The president dropped the “S Bomb”– the word “shellacking” – and the rest is history. Immediately after the news conference, the first sentence out of television reporter Andrea Mitchell’s mouth was about how the president called the defeat a “shellacking.” Story after story since the news conference reported the president’s description. The word “shellacking” has appeared in 20,000 – 25,000 articles about the election, according to a Google search. NPR even ran a piece trying to track down the word’s etymology as a synonym for a big defeat.

“Shellacking” is a nice, colorful word, but probably not one that Obama and his team planned to use. Within a desert of careful language, “shellacking” stood out. The off-message message made news. Which is how media works.

2 Responses so far.

  1. I think “shellacking” was chosen deliberately and in advance. The sole purpose of the news conference was having Obama give his reaction to the Democratic defeat. Every analyst in the business was critiquing his demeanor like an Olympic judge — measuring the angle at which he held his head and the pitch of his voice for the proper signals of contrition, to determine whether he “got the message” the “American people” had sent.
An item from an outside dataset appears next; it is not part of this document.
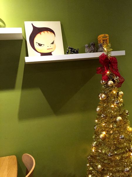 非常日本風味的牆壁架上還置放著日本插畫家奈良美智的作品呢!
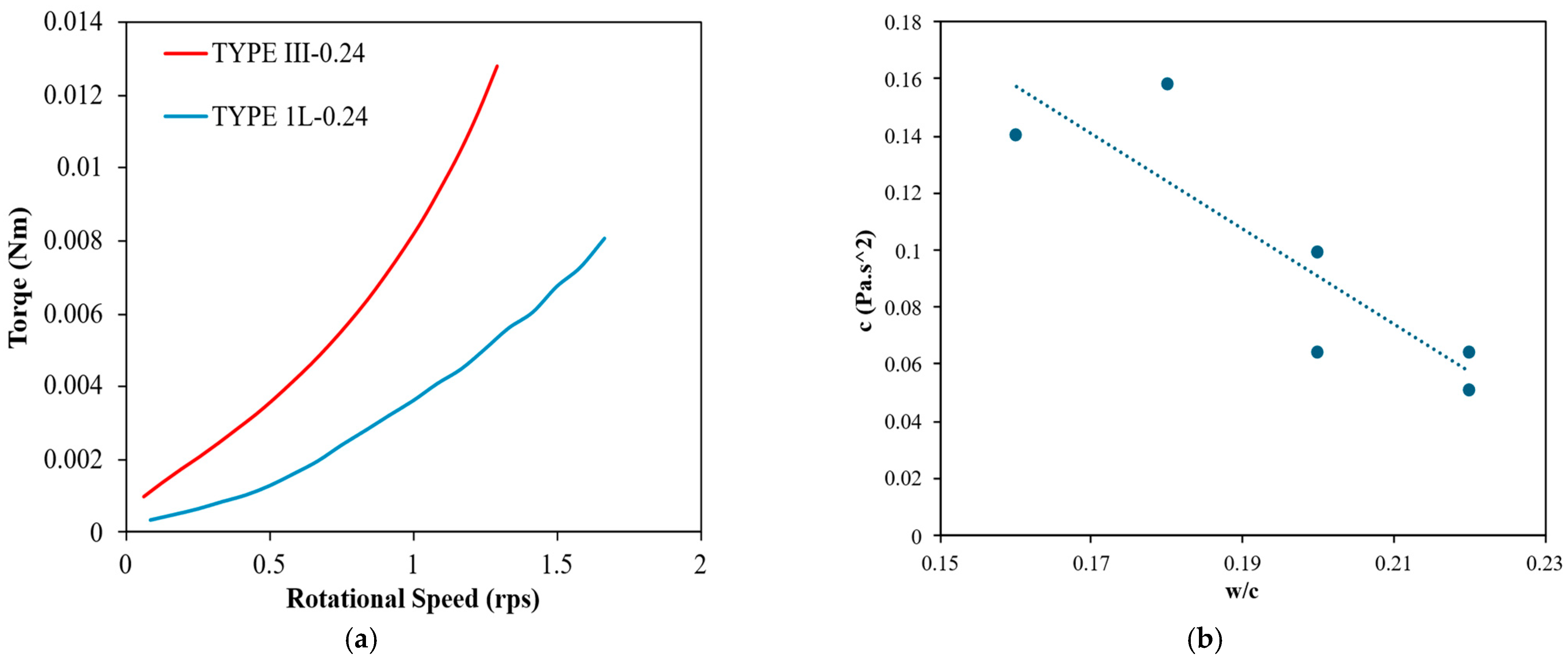 | Mixture | w/b | SP Dosage (%) | τ0 (Pa) | µ (Pa·s) | c (Pa·s2) |

    The standard against which to measure this was, of course, that of the previous president. George W. Bush had the humility to admit he took a “thumping,” so Obama had to do something similar. He held “shellacking” back, then sort of slipped it in so it wouldn’t seem so obvious — but everyone in the room understood it was the cookie they were all politely waiting for like obedient dogs.

    It’s ridiculous that something so silly is our national focus instead of, say, tax policy, but that’s where we are. We are a people people.

  2. Jeff Bentoff says:

    Interesting. You may be right. I’d like to think it was planned. Either way, whether a slip or intentional, deviating from the boring talk was like tossing chum in the water.

    I agree that while we’re primarily a people people, that it’s time to get some of the policy stuff fixed. We could use it.